There were several episodes when they were challenged by the Civil Guard during their journey. ‘Where have you come from? Where are you going?’ they barked, their polished patent hats perched on top of their heads.These men were experts at detecting the slightest sweat that might break out on an interviewee’s brow, or the way that eyes did not meet their stern look. A shifty glance or a sense of discomfort immediately aroused suspicion and earned protracted questioning.
Señor Duarte could answer their interrogations honestly enough. He had taken his family out of Republican territory and his destination was his brother’s house in San Sebastián.They correctly deduced that he supported Franco and some of them noticed the woman’s expression, the scent of fear, her silence. It was puzzling but did not bother them. In their view, it did no harm for society if women lived in fear of their husbands. What they were looking for were subversive elements and this woman and her two daughters who feigned disinterest in everything around them seemed harmless enough.

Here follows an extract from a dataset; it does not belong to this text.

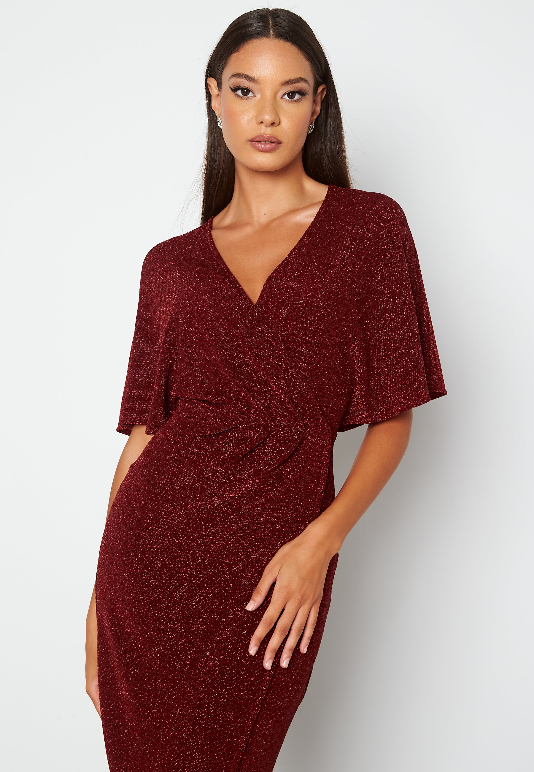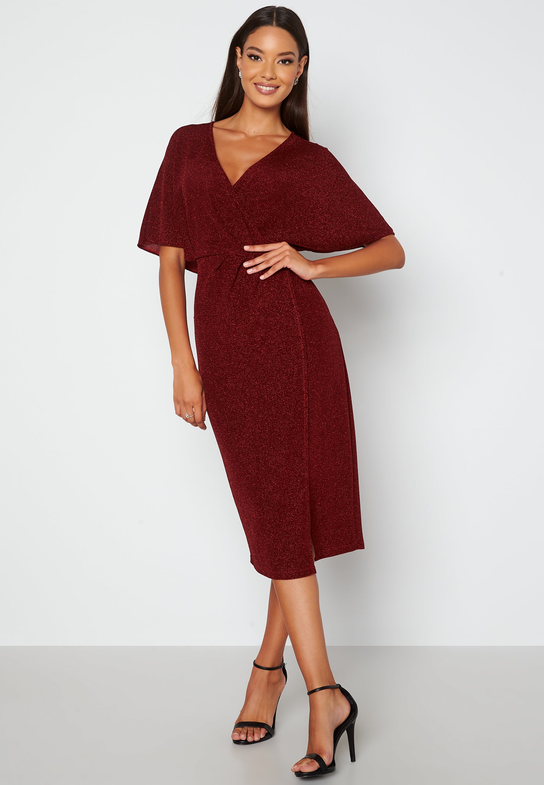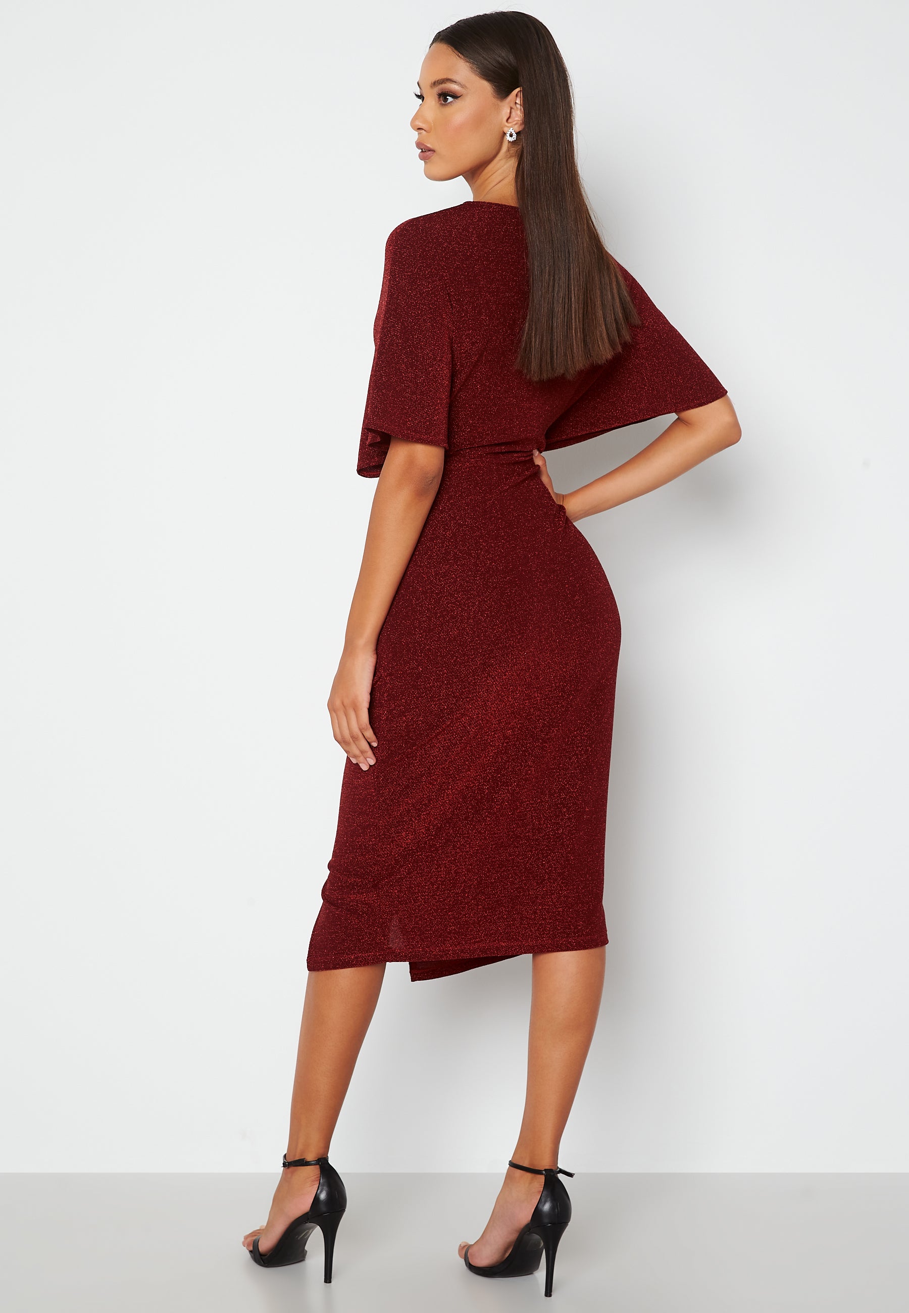 Feminin, glitrende midikjole fra BUBBLEROOM med en liten splitt. Den har et bredt erme.

After a month together, they finally reached the junction in the road where Ana and her parents would go towards her uncle’s village and Mercedes would continue going north towards Bilbao, crossing once again into territory held by the Republicans. Mercedes and Ana tried not to contemplate the next stages of their journeys, which they would be making without each other.
Señor Duarte’s farewell was perfunctory while the
señora
’s was warm.
Their daughter held on to Mercedes as though she might never let go. ‘Promise me that we will meet again,’ Ana urged.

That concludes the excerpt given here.